Just dragged myself out of bed for a little bit and wanted to check in. Went to the GP doctor this morning, we just went over my symptoms and he gave me a prescription for synthroid and orders for more blood work in 2 weeks. He was "nice" but I kinda got the feeling from both him and the ER doc last night that they think hypothyroid is not really something serious.

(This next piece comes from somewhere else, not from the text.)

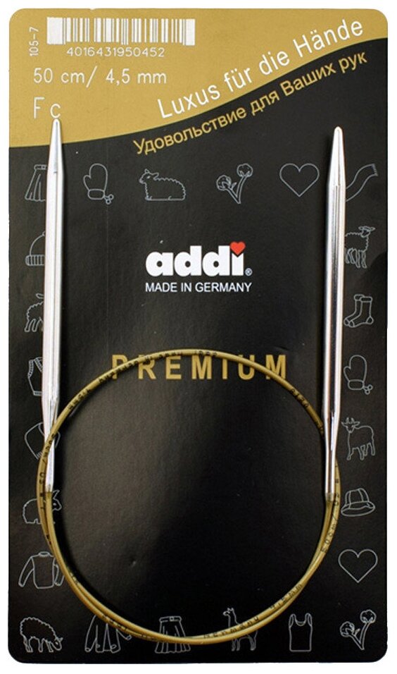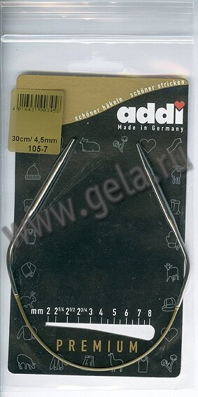 105-7/4.5-50 Спицы круговые супергладкие никель №45 50 см. ADDI

The ER doc was basically like "sorry for the long wait, we have a lot of really sick people here" aka "What are you doing here?" and the doc this morning was like "hypothyroid is a simple fix" and i felt so tired and icky I was crying and he's like "what is making you so emotional?". My body temp is 97.4, they couldn't even get a blood pressure on me today (yesterday in the ER it was 104/72 and my HR is between 50-60). I feel like this morning I had a panic attack, but in my current state it felt like I was slowly drowning. Thankfully hubby brought me home, gave me a hot bath, and let me sleep and is making me some saffron rice now. <3 my hubs. Got my prescription for synthroid, but no one gave me any IV treatment or fluids or anything...hmmm.

I feel bad for anyone who has been dealing long term with hypothyroidism because doctors definitely are NOT sensitive to how you feel. I know with my Graves, doctors were always freaked out by the symptoms but I have already noticed with hypo they are like "where's the fire?" If you get what I mean. The doctor this AM said "how did it get to this point?" as in, why am I crying, going to the ER, etc when under treatment of an Endo.. I tried to explain that one day about 1.5 weeks ago I had a bad headache and nausea and then suddenly WHAM, exhaustion, and that I've been trying to speed up medical care since then. I told him that I know thyroid issues take a while to resolve, but I also told him that I have felt the gamut of thyroid effects and that this developed so quickly....it almost seemed like he didn't believe me. It's very strange.

I guess I'd better prepare myself for this type of thing, huh? The GP this morning said if I wasn't happy with my endo that he could recommend another one. He said "she's very good, but since she's good she's hard to get in to see." Up until last week I felt like my current endo was reliable and understanding, I have a feeling that the office nurse I talked to never even talked to the endo before she blew me off for the weekend. I don't know if I want to change Dr's, but I might have a discussion with the endo that I am NOT a baby, and that I only call and beg to see them when something is really wrong and that I am not happy with my lack of attention from them. I guess with thyroid issues they are used to people calling about not feeling well, but I am tellin' ya, I just stick to my regular appointments unless something feels very wrong.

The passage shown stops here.